Home [ MAIN ] COVER Dangote refinery cuts petrol price by N75/litre as global oil market eases

Dangote refinery cuts petrol price by N75/litre as global oil market eases

Key points

  • Dangote Petroleum Refinery has reduced its petrol gantry price by N75 per litre, from N1,250 to N1,175.
  • The refinery attributed the adjustment to easing tensions in the Middle East and declining global crude oil prices.
  • Industry stakeholders say the reduction could trigger further cuts in retail fuel prices nationwide.

Main story

Dangote Petroleum Refinery has reduced its ex-depot price of Premium Motor Spirit (PMS), commonly known as petrol, by N75 per litre, lowering the gantry price from N1,250 to N1,175 per litre.

The refinery announced the price adjustment in a circular issued to fuel marketers on Monday, citing the recent de-escalation of geopolitical tensions in the Middle East and the resulting decline in global energy prices.

According to the circular, the refinery also reviewed its coastal supply price, reducing it from N1,595,790 per metric tonne to N1,495,215 per metric tonne.

The company stated that the new pricing structure took effect from midnight on June 16, adding that all outstanding unloaded gantry volumes would be repriced at the new rate.

“Following the de-escalation of tensions in the Middle East, which has impacted energy prices, we wish to inform you that we have reviewed our Premium Motor Spirit gantry/coastal price,” the refinery stated.

The development comes as global crude oil prices continue to retreat following reports of a ceasefire agreement between the United States and Iran, ending months of hostilities that had disrupted global energy markets and heightened concerns over oil supply routes.

Industry data indicates that Dangote’s latest ex-depot price is currently the lowest among major suppliers in the domestic market, potentially positioning the refinery to influence broader retail pricing trends across the country.

The issues

The latest price adjustment underscores the direct relationship between international crude oil prices and domestic fuel costs in Nigeria’s deregulated petroleum market.

For much of the past three months, escalating tensions between the United States and Iran drove crude oil prices above $120 per barrel, resulting in sharp increases in fuel prices across several countries, including Nigeria.

Locally, petrol prices surged from about N830 per litre to nearly N1,300 per litre, while diesel and aviation fuel prices also recorded significant increases, worsening transportation costs and inflationary pressures on households and businesses.

Although global oil prices have begun to decline, analysts note that domestic fuel prices may not immediately reflect international market movements due to existing inventories purchased at higher crude costs and other operational considerations.

What’s being said

Dangote Refinery attributed the latest reduction to improving conditions in the international oil market following diplomatic efforts to restore stability in the Middle East.

According to industry platform Petroleumprice.ng, the refinery’s revised gantry price now ranks among the most competitive in the market, with many marketers previously purchasing products at around N1,240 per litre.

Market analysts say the reopening of the Strait of Hormuz—a strategic global shipping route—could further stabilise crude supply and place additional downward pressure on oil prices.

Stakeholders within the downstream sector have also expressed optimism that continued stability in global energy markets could translate into lower fuel costs for consumers.

However, officials familiar with refinery operations have cautioned that the facility is still processing crude oil acquired during periods of elevated prices.
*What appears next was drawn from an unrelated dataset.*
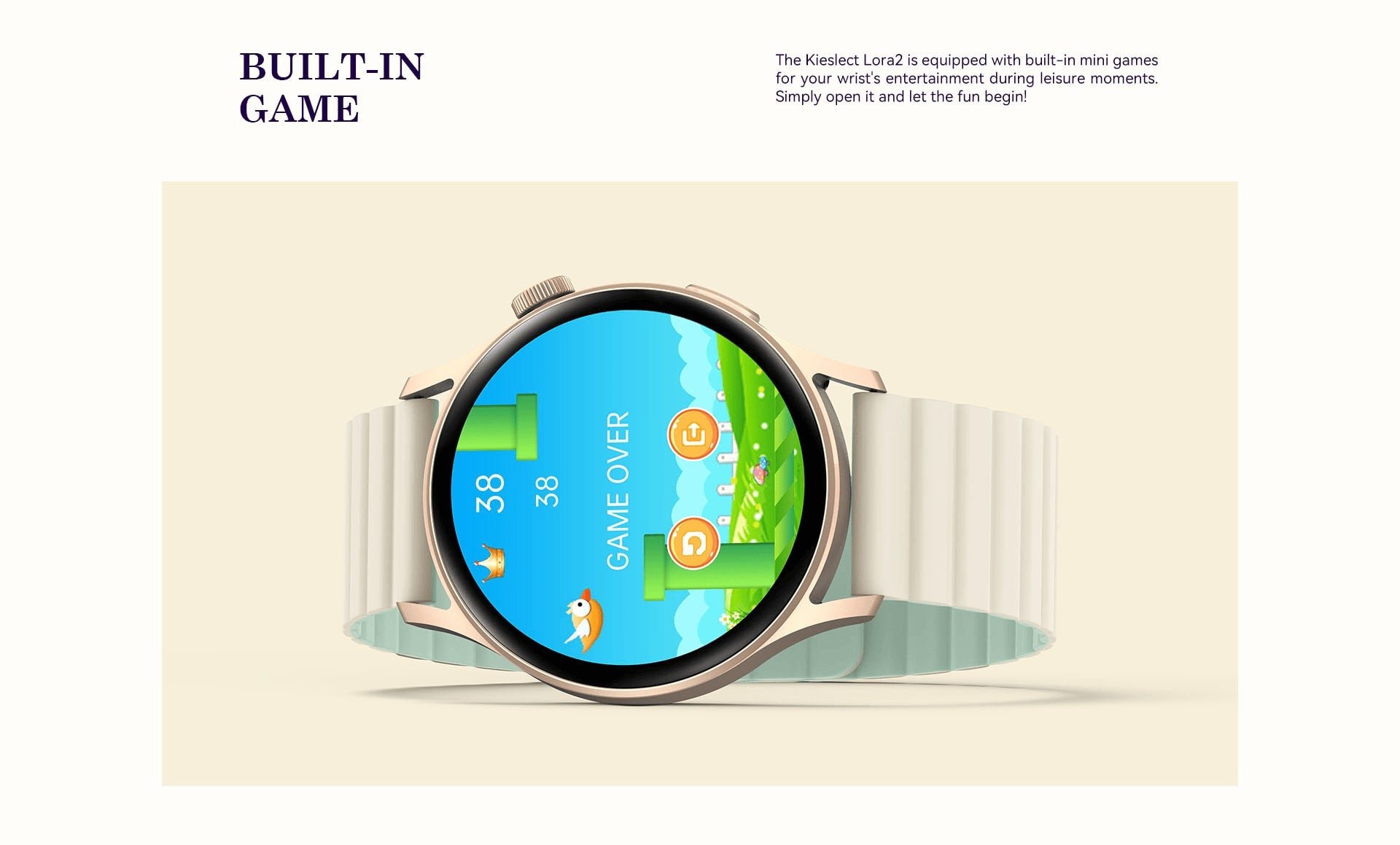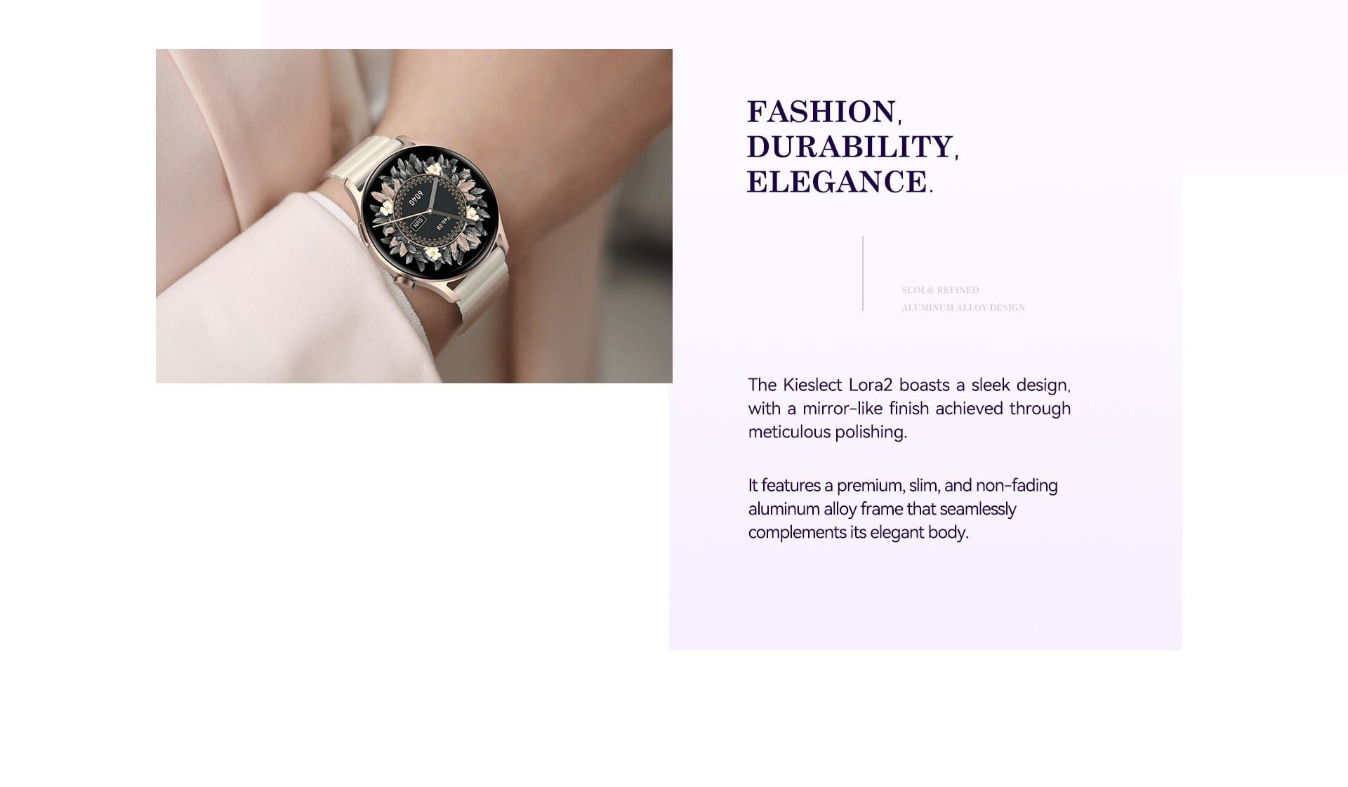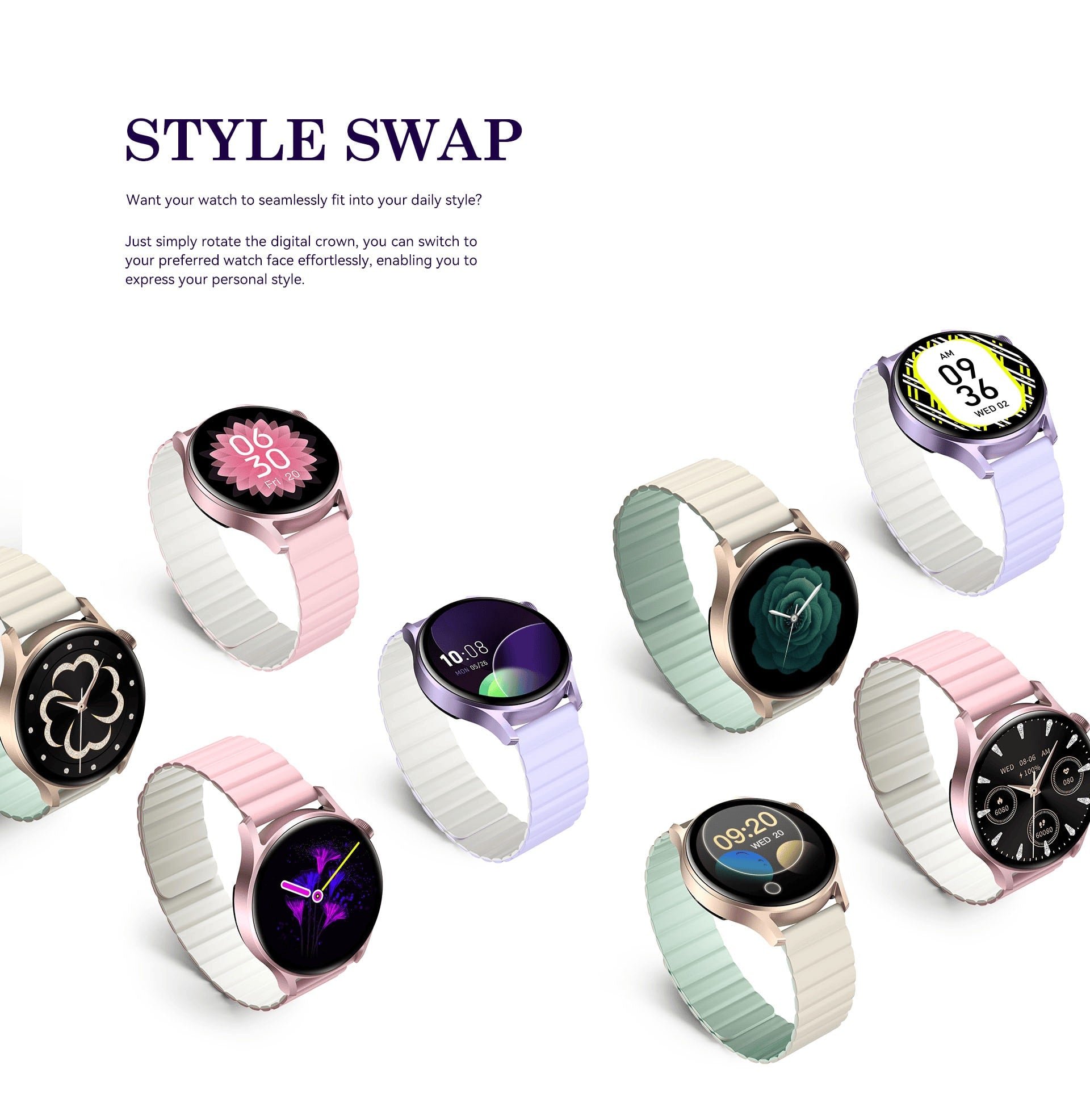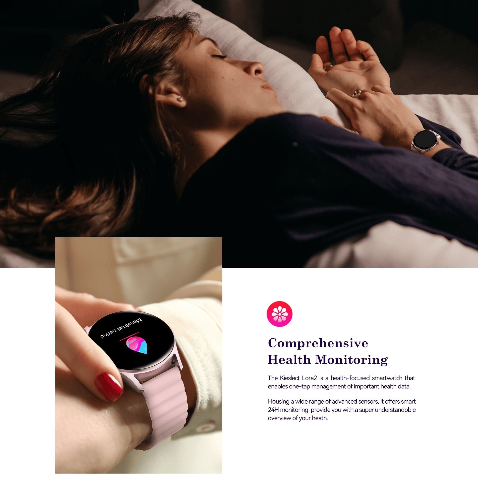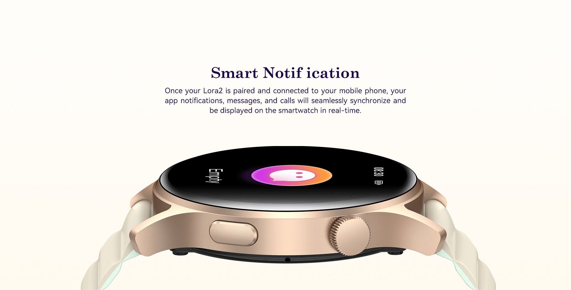 • Easy 24H Health Management: Lora 2 is a health-focused smartwatch that enables one-tap management of important health data. Housing a wide range of advanced sensors, it offers smart 24H monitoring of Blood-oxygen Levels & heart rate and tracks your sleeping patterns, providing you a super understandable overview of your health. The lady watch also records your current menstrual period to help you get predictions for upcoming menstrual & fertile period.

This factor could moderate the pace of future reductions.

A senior refinery source noted that while petrol prices could eventually fall to around N900 per litre, such a development would depend on sustained declines in crude oil prices and the complete adjustment of market fundamentals.

What’s next

Industry observers will closely monitor developments in global oil markets, particularly the implementation of the reported peace agreement between the United States and Iran and the full reopening of the Strait of Hormuz.

Analysts expect marketers and independent retail operators to review pump prices in response to the refinery’s latest adjustment.

Should crude oil prices continue their downward trajectory, additional reductions in ex-depot and retail fuel prices may follow in the coming weeks.

Attention will also be focused on how quickly savings from lower crude costs are transmitted through the supply chain to end consumers.

Bottom line

Dangote Refinery’s N75 per litre price reduction marks the most significant downward adjustment in recent months and signals the potential beginning of a broader decline in fuel prices. While Nigerians may not experience immediate relief at filling stations, the combination of easing geopolitical tensions, lower crude oil prices and increased domestic refining capacity has strengthened expectations that petrol prices could continue to fall if global market stability is sustained.